UCLA hospital fined over privacy breaches that sources say involve Michael Jackson’s records
State health regulators have fined Ronald Reagan UCLA Medical Center $95,000 for allowing unauthorized employees to view a patient’s medical records, a breach that sources indicated targeted the files of Michael Jackson.
The fine, one of six privacy-related penalties state officials announced Thursday, stems from multiple violations that led to the firing of two hospital employees. Two hospital contract workers were also fired for accessing the same patient’s information, UCLA officials said.
The state identified the person whose files were breached only as “a deceased patient.”
A source close to Jackson’s case said his legal team had previously been informed by UCLA officials that the singer’s medical files had been improperly accessed after his unexpected death June 25 last year at the age of 50. Several attorneys who work for Jackson’s estate and his family members did not immediately return calls.
UCLA officials said the breaches resulting in the fine are the only recent instances of privacy violations. The prestigious hospital has struggled to protect the privacy of its celebrity patients, including Britney Spears, Farrah Fawcett and California First Lady Maria Shriver, violations that led to the 2008 state law used to fine the hospital in the most recent case.

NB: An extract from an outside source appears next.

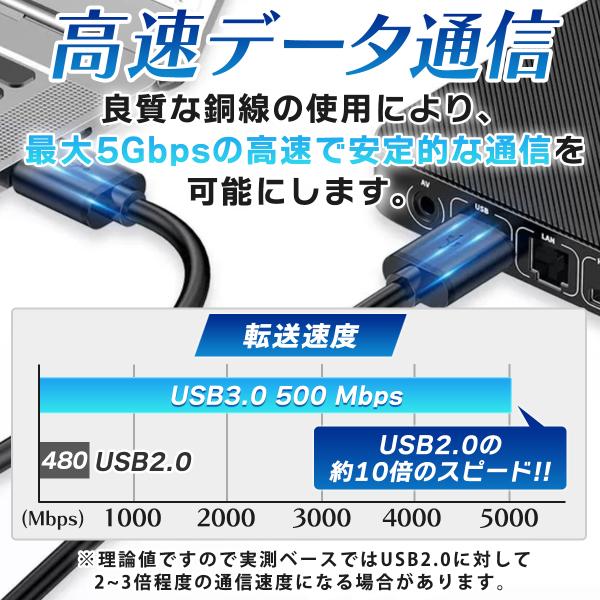 規格上、前世代のUSB2.0のデータ転送速度480Mbpsの10倍の5.0Gbpsもの速度でデータが転送できるUSB3.0に対応したケーブルです。(注:実測上速度は2〜3倍になることが多いようです。)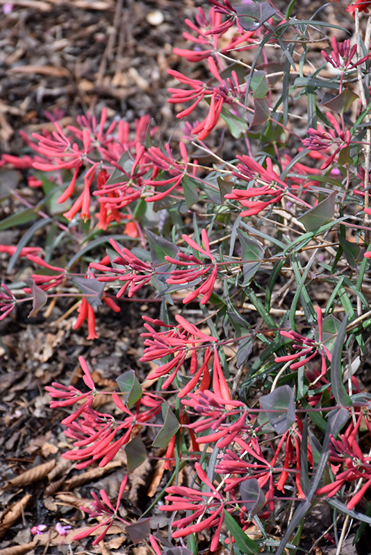 Leo Trumpet Honeysuckle features showy clusters of scarlet trumpet-shaped flowers with yellow throats at the ends of the branches from early summer to mid fall. It features an abundance of magnificent red berries from mid to late fall. It has bluish-green deciduous foliage which emerges burgundy in spring. The oval leaves do not develop any appreciable fall colour.

Jackson was pronounced dead at the Westwood hospital after being taken by ambulance from his rented Holmby Hills mansion. According to the state report, the breaches began June 30 of last year, five days after Jackson was killed by a combination of surgical anesthetic and other medication allegedly administered to him by his private doctor.
Hospital officials notified the patient’s family as soon as the breaches were discovered, said UCLA spokeswoman Dale Tate. She said the internal investigation found that no information had been sold.
“There wasn’t anything they saw that was worth selling,” Tate said. “We have systems in place that put up barriers. You’re not authorized to look at certain things. You can only go so far.”
Officials at the state’s Office of Health Information Integrity were still investigating the employees’ actions this week, spokesman Scott Murray said. The employees could potentially face criminal charges and financial penalties, he said.
California Department of Public Health officials declined to identify the UCLA patient or whether the person was well-known. Kathleen Billingsley, deputy director of the department’s Center for Health Care Quality, said she does not view celebrities any differently from other patients when it comes to medical privacy.
“Medical privacy is a fundamental right,” Billingsley said. “Every Californian treated at a hospital should not have to worry about who is viewing their medical information.”
Jackson’s medical records were the subject of intense interest in the weeks after his death. In early July, The Times reported that unauthorized staff at the Los Angeles County coroner’s office had viewed the pop star’s death certificate more than 300 times.
UCLA first reported privacy violations to the state Aug. 5, according to the report released Thursday. At that point, the university knew that an employee in the Department of Pathology and Medical Support Services had accessed the patient’s records July 2 and that a medical school employee had accessed the same patient’s records July 7. The report said the medical school employee had printed labels for the laboratory test that had been performed on the patient.
Neither employee had any reason to access the records, the report said.
On Sept. 7, hospital officials told state authorities that they had discovered more breaches of the same patient’s records by two contract employees of the hospital’s pathology billing service. One accessed the records June 30 and July 9, the other July 9, the hospital reported.
Hospital staff told state investigators the contract employees admitted looking at the records and said “they were curious.”
Tate said the hospital does not plan to appeal the fine. The medical center has 15 days to submit a plan of correction to the state.
UCLA officials said Thursday that they had made a “determined effort to train and test … employees on patient privacy laws and implemented a wide range of safeguards to ensure patient confidentiality” over the last three years.
Last year, the state Department of Public Health issued the first penalty under the privacy law, fining Kaiser Permanente’s Bellflower hospital $437,500 for failing to prevent employees from looking at the medical records of Nadya Suleman after she gave birth to octuplets.
So far, regulators have issued eight fines to six hospitals for a total $1.1 million. No hospitals have appealed.